As a small business owner in California I have been hit extremely hard by this tax increase. Fortunately, I can pass it along to my customers - who have deep pockets, the US government and various governments around the world. However, I have been looking to move my company to another state since I feel these tax increases and tax levels are getting out of hand. I have not hired more employees nor will I.


"Sing a song, play guitar, make it snappy..."
User currently offlineBeardown91737 From United States of America, joined Jun 2011, 429 posts, RR: 0
Reply 26, posted (7 months 3 weeks 21 hours ago) and read 1809 times:

Quoting seb146 (Reply 13):
And to keep giving everything to a few will help? How has that been working so far? All we have heard is "don't tax the job creators" yet the 'job creators' only seem to create part-time, low wage jobs and then get everyone to complain about those who take the part-time low wage jobs as the ones who are the problem.
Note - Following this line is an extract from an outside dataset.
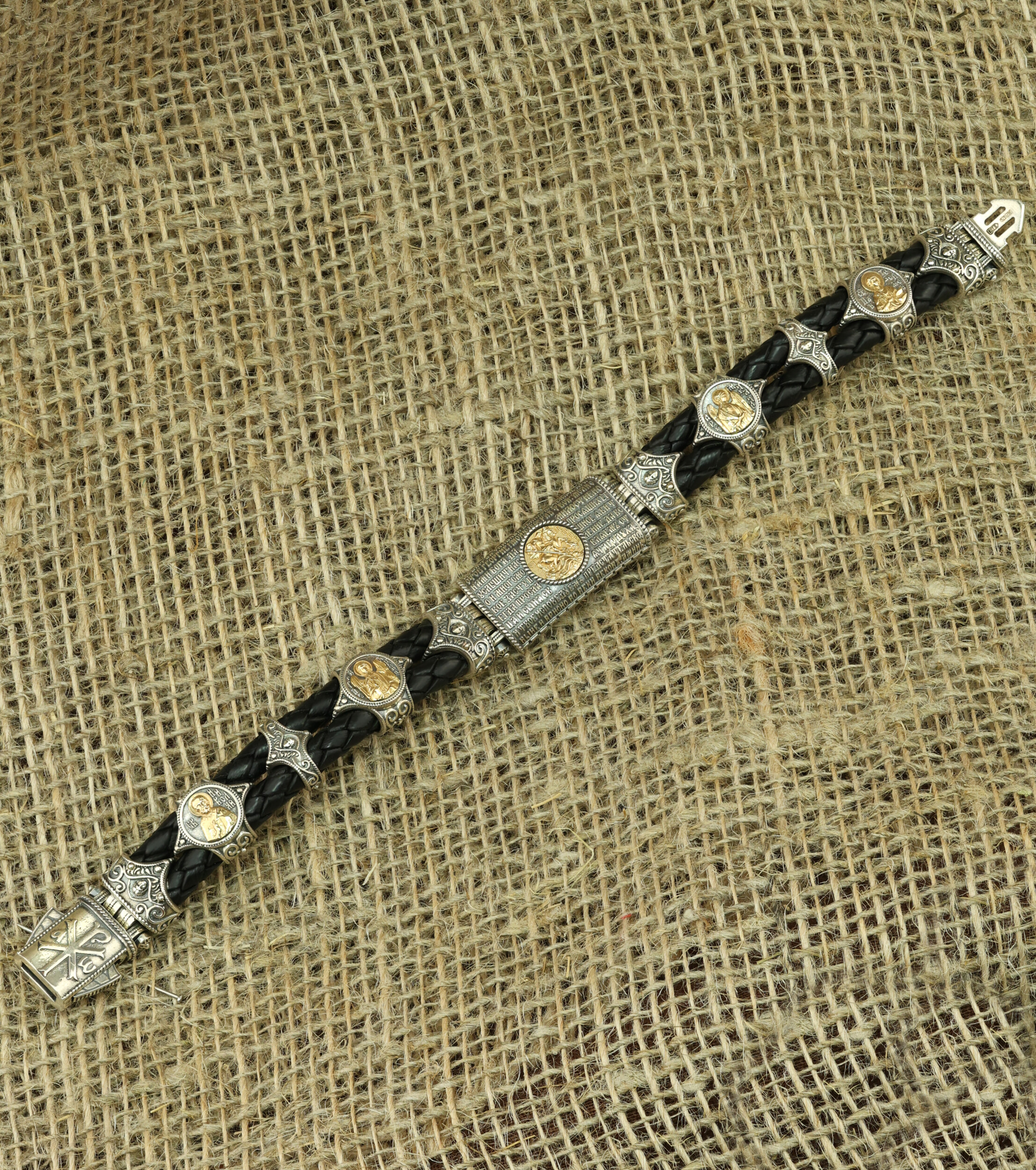 Браслет из серебра и золота c кожаным шнурком

"Giving" everything to a few? What exactly does that mean, or is it just something that gets thrown into a rhetoric laden conversation?
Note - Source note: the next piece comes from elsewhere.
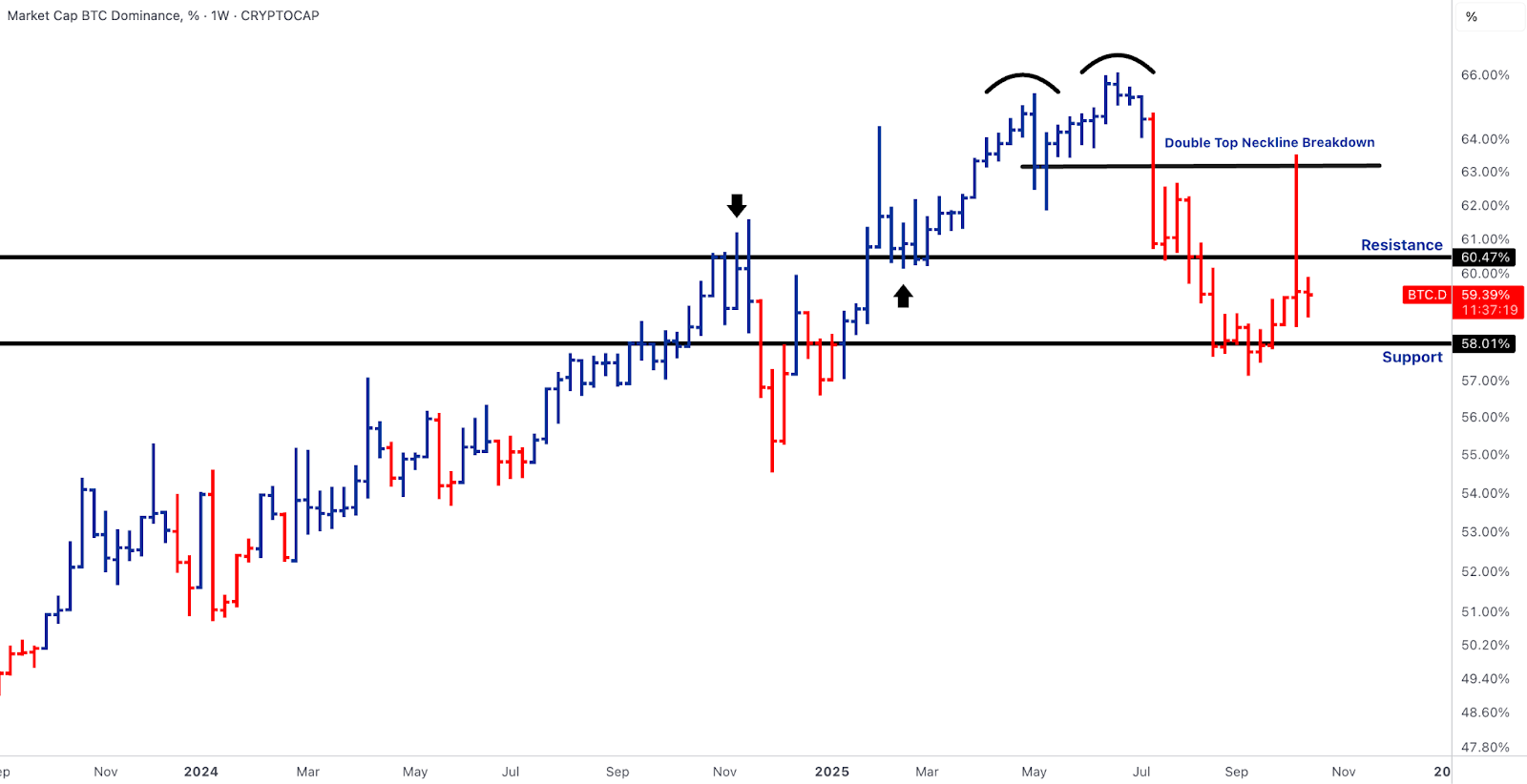 Structural Bias Maintained Despite Drawdown: Despite the outflows, the TOTAL3 index (chart below) defended the $1 trillion base, and BTC Dominance remained capped below 60.5%, reinforcing that the altcoin rotation bias persists even amid drawdowns.

We know that the 'job creators' are mostly creating part time employment. It shows the lack of confidence that employers have in the economy. Whether it is retailers, child care, or delivery companies they just aren't committing, so they hire people for 3/4 of a job.

What does "get everyone to complain that the ones who take the part-time low wage jobs are the problem"? The politicians who sustain this mess are the problem.

In California, the attitude for many years was that we could just spend a little more money for some noble purpose because it would mean "just a couple lattes" for the citizens. So this repeats itself a few times, and everyone dutifully gives a couple lattes here, and a couple lattes there. After some time, latte consumption shrinks 10%, and it follows that every 10th latte shop closes. The latte shop doesn't pay their employees anymore. The latte shop doesn't pay rent to a landlord any more. The latte shop doesn't pay taxes to the government anymore. The landlord pays less tax to the government now. The employees don't have a paycheck to make a payroll deduction from. Now the government has less revenue. What should they do? The answer is to look for more revenue. The latte shop, the landlord, and the employees can't compel anyone to pay them, but the government can, so up go taxes on the ones who survived this round of contraction.

Brilliant plan, isn't it?



135 hrs PIC (mostly PA-28) - not current. Landings at MDW, PIA, JAN.
User currently offlineskywaymanaz From United States of America, joined May 2012, 434 posts, RR: 0
Reply 27, posted (7 months 1 week 3 days 15 hours ago) and read 1360 times:

This thread reminds me of a cartoon I saw of California Gov. Jerry Brown with an attractive woman on his arms labled "Business". Texas Gov. Rick Perry drives up next to them on the street looking like a jack*** in a huge Cadillac with bull horns on the hood. He toots the horn letting Lady Business know he's available. Well obnoxious of Gov. Perry or not Lady Business is checking him out. Gov. Brown remarks, "Honey can you believe he'd even think you'd be interested . . . Honey?"

California is indeed a large state and our most populous. In many ways since it joined the Union in 1850 it became the American Dream. A century and a half later though it is losing that attraction for better or worse.